1. Cluster in a Local Machine.
2. Cluster in a High Performance Computing System.
3. Cluster in a Cloud Computing System.

## 1. Cluster in a Local Machine

The local cluster is the best option for researchers who are **just learning Dask** or **just starting a large-scale data analysis**. This configuration allows the realization of preliminary tests to later deploy the solution in large Supercomputers or Cloud Computing infrastructure. 

You can define a local cluster in two ways [2].

* Implicitly, Dask crteates a default local cluster for you.
* Explicitly, You define the local cluster by yourself using the Dask library.

### 1.1. Implicit cluster definition

In the implicit mode, the user doesn't have to define the cluster.
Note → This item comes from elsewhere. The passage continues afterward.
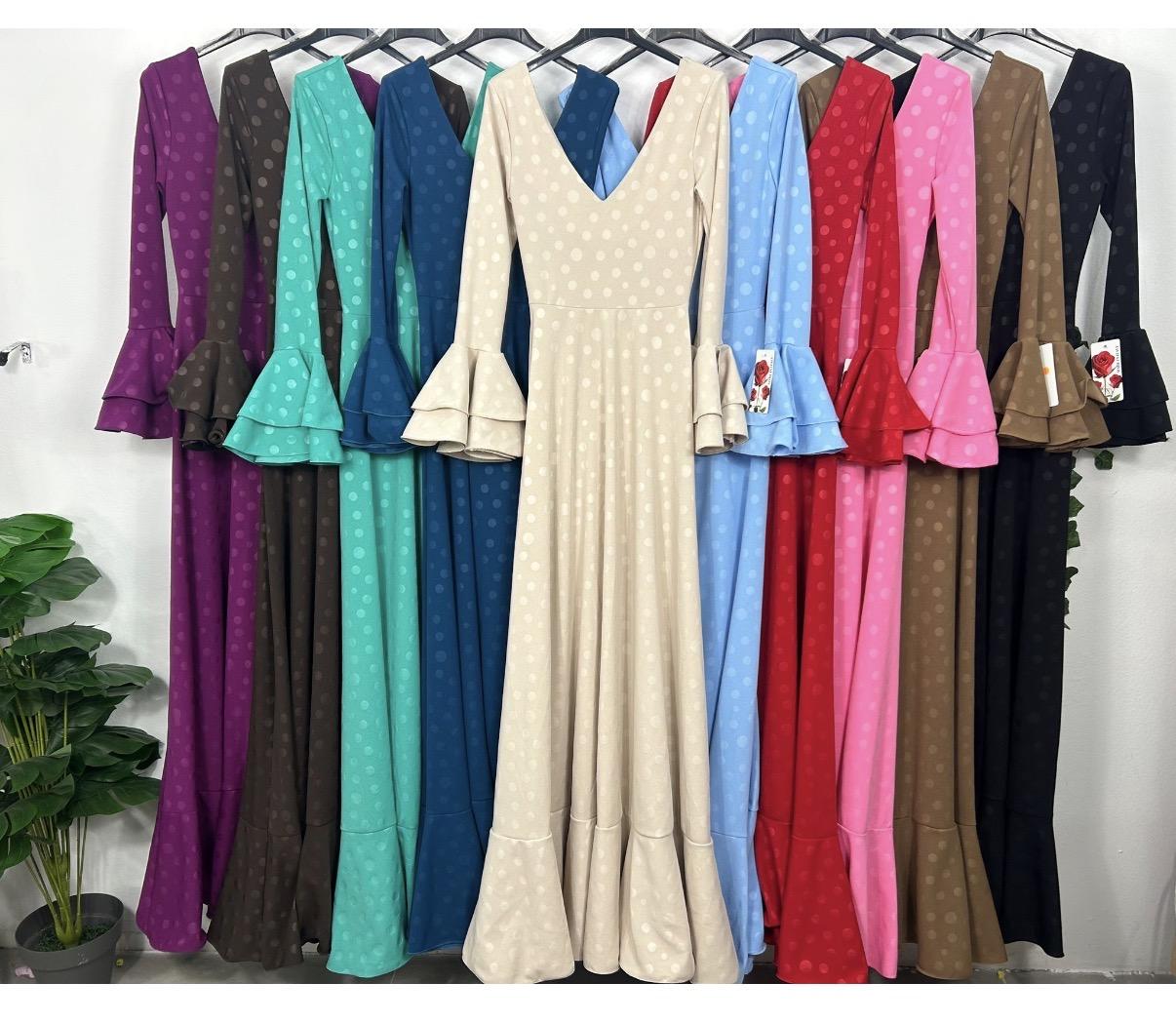 Esta bata rociera de lunares es la elección perfecta para lucir elegante y cómoda en ferias, romerías y eventos flamencos. Con un diseño clásico y favorecedor, presenta escote en V, manga larga con volantes y una caída fluida que estiliza la figura.

Once the user defines a computation and uses the method `compute`, a default cluster is created for her. The default configuration uses all computer's available cores. More information can be found in [2]. Let's take a look on this.

__1. Import required libraries, define required variables and functions__

In [None]:
import dask.array as da

In [None]:
x = da.random.random((10000,10000), chunks=(1000,1000))
x

__2. Visualize the computations to be performed per array chunk.__

_Hint: This computations will be performed in the cores available in your computer._

In [None]:
# x.visualize() # not working yet

__3. Compute the result__

_Hint: Dask submit all the computations to the scheduler, then, the scheduler will be in charge of distributing the computations among the available computing cores._ 

In [None]:
x.compute() # This uses Dask default local cluster

__4. Get `compute` method documentation for available parameters.__

_Hint: Advanced users can decide if they want to execute their computations using `threads` or `processes` by setting the scheduler parameter, `.compute(scheduler=)`. In addition they can decide if they want their computations to run sequentially by setting the scheduler option to `synchronous`._

In [None]:
help(x.compute)

### 1.2. Explicit cluster definition

Advanced users prefer to define the cluster by themsleves, i.e., explicitly, this give to them more flexibility for the configuration of the cluster. For example, they can define how many **workers** they want to use and how many `cores` and `memory` they want each worker to have. Finally, when you define the cluster by yourself, you will be able to access the **Dask Dashborad**.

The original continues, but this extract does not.